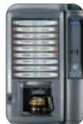
Cup station accepts up to 14 cm high jugs.
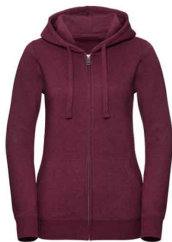
263F Ladies' Authentic Melange Zipped Hood Sweat SIZES XS-XL

LAUNDRY CARE 40°C machine wash, tumble dry (low temperature)
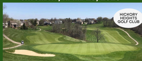
HICKORY HEIGHTS GOLF CLUB
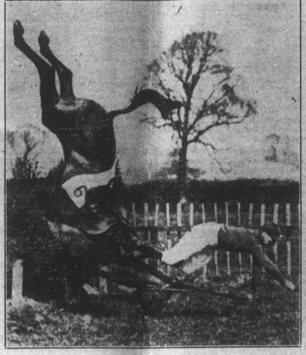
A FALL IN A STEEPLE CHASE

After this nasty spill on an English race course the jockey remounted his steed and rode home in second place.
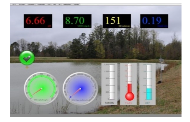
Fig. 2. Real-time data communication via a telemetry system and Verizon satellites
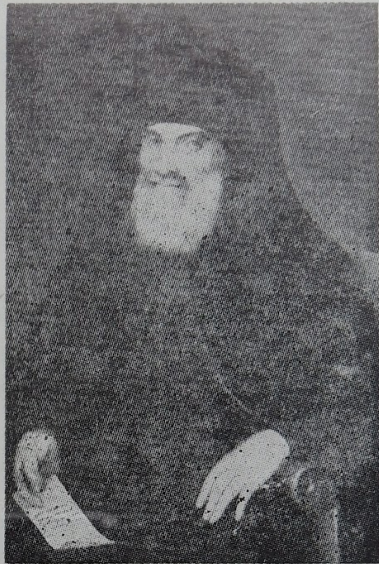
St. Callinicus in the evening of his life
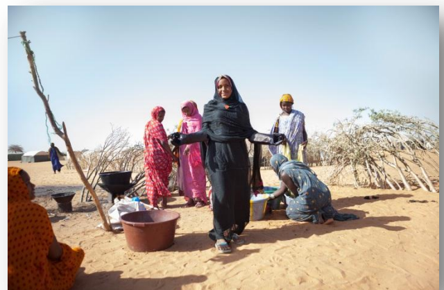
Women during food preparation in Mberra Camp.
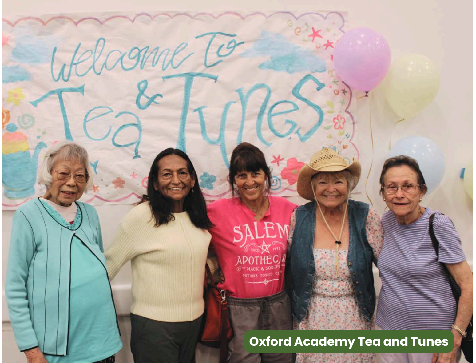
Oxford Academy Tea and Tunes

May 2026 | Cypress Senior Center | cypressrec.org | Monday-Friday, 8 AM-5 PM | (714) 229-6670
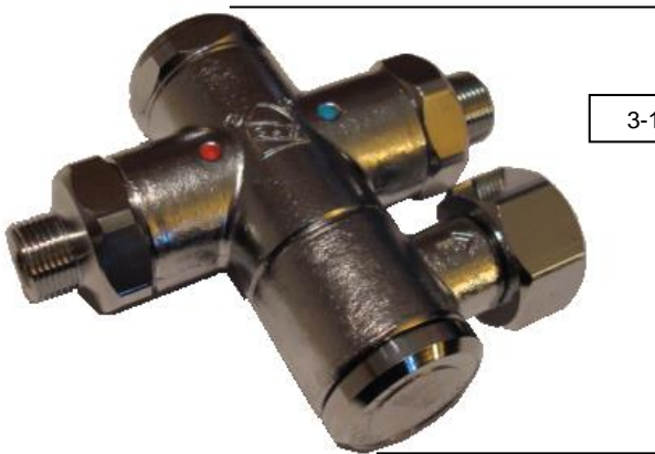
Mixing valve 3/8" compression inlets 1/2" NPT outlet
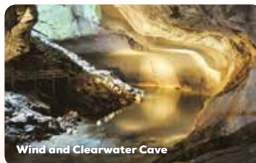
Wind and Clearwater Cave

Hotel: Mulu Marriott Resort & Spa (5 Star)
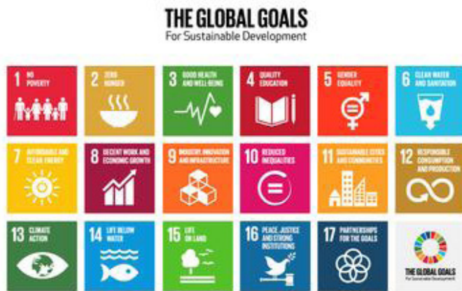
Fig. 1 - The 17 SDGs of the 2030 Agenda for Sustainable Development 2015

17 Sustainable Development Goals (SDGs) and 169 targets, for addressing the social, economic and environmental dimensions of development and their interrelations (fig.1). The National Governments committed to engage in the systematic follow-up and review of the implementation of the 2030 Agenda that will be based on regular, voluntary and inclusive country-led progress reviews at the national level. Monitoring of MSDs is complex and the integration with the New Urban Agenda could represent an opportunity to improve clearly the selected procedures .
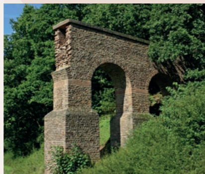
Mechernich-Vusse: reconstruction of an aqueduct bridge based on local finds

It was an archaeological sensation to be able to demonstrate for the first time the subdivision of an antique building project in roughly 5 km long building sections. A well armoured stilling basin connected two such building sections. Spring encasements, bridges, collection basins and sediment basins could be investigated archaeologically to then restore them. When needed, protective housing was designed to display these elements along the “Römerkanal walkway” – one of the first such archaeological oriented routes in Germany.
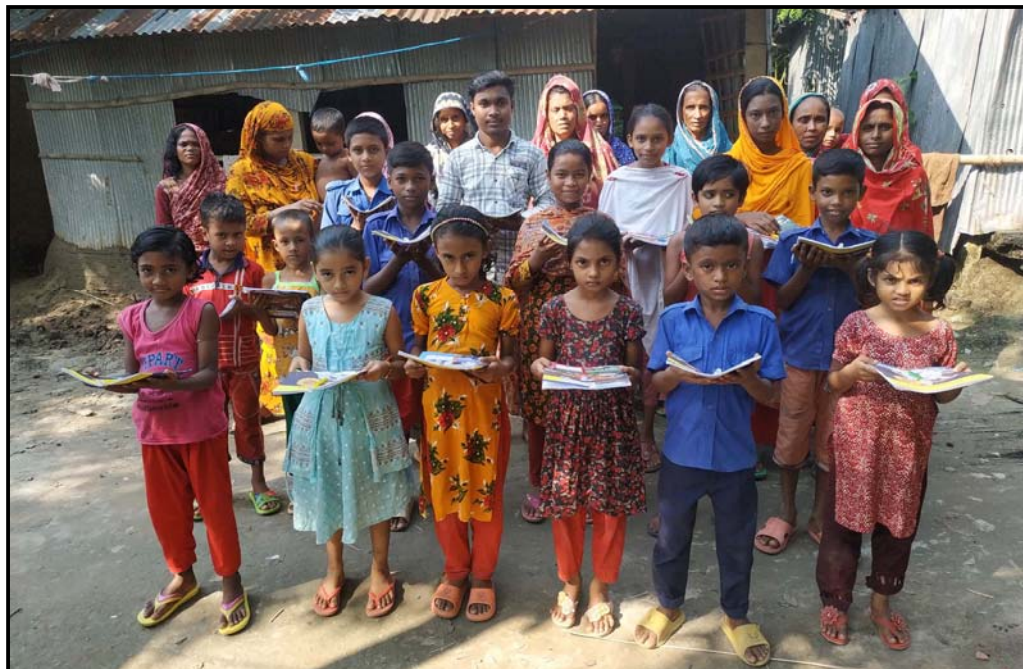
Sorupdaho students with the materials...
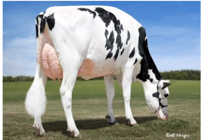
Dymentholm Sunview Sunday VG-87

Crisalis RF x Rubels-Red x GP-84 Salvatore Rc x Rubicon x GP-83 Cashcoin x VG-87 Snowman x EX-90 Planet x VG-85 Bolton x VG-87 Goldwyn x VG-87 Durham
====================
(Task item) Pull out all lines from the entries above in which the word "time" appears.

(Your response)
Fig. 2. Real-time data communication via a telemetry system and Verizon satellites
It was an archaeological sensation to be able to demonstrate for the first time the subdivision of an antique building project in roughly 5 km long building sections. A well armoured stilling basin connected two such building sections. Spring encasements, bridges, collection basins and sediment basins could be investigated archaeologically to then restore them. When needed, protective housing was designed to display these elements along the “Römerkanal walkway” – one of the first such archaeological oriented routes in Germany.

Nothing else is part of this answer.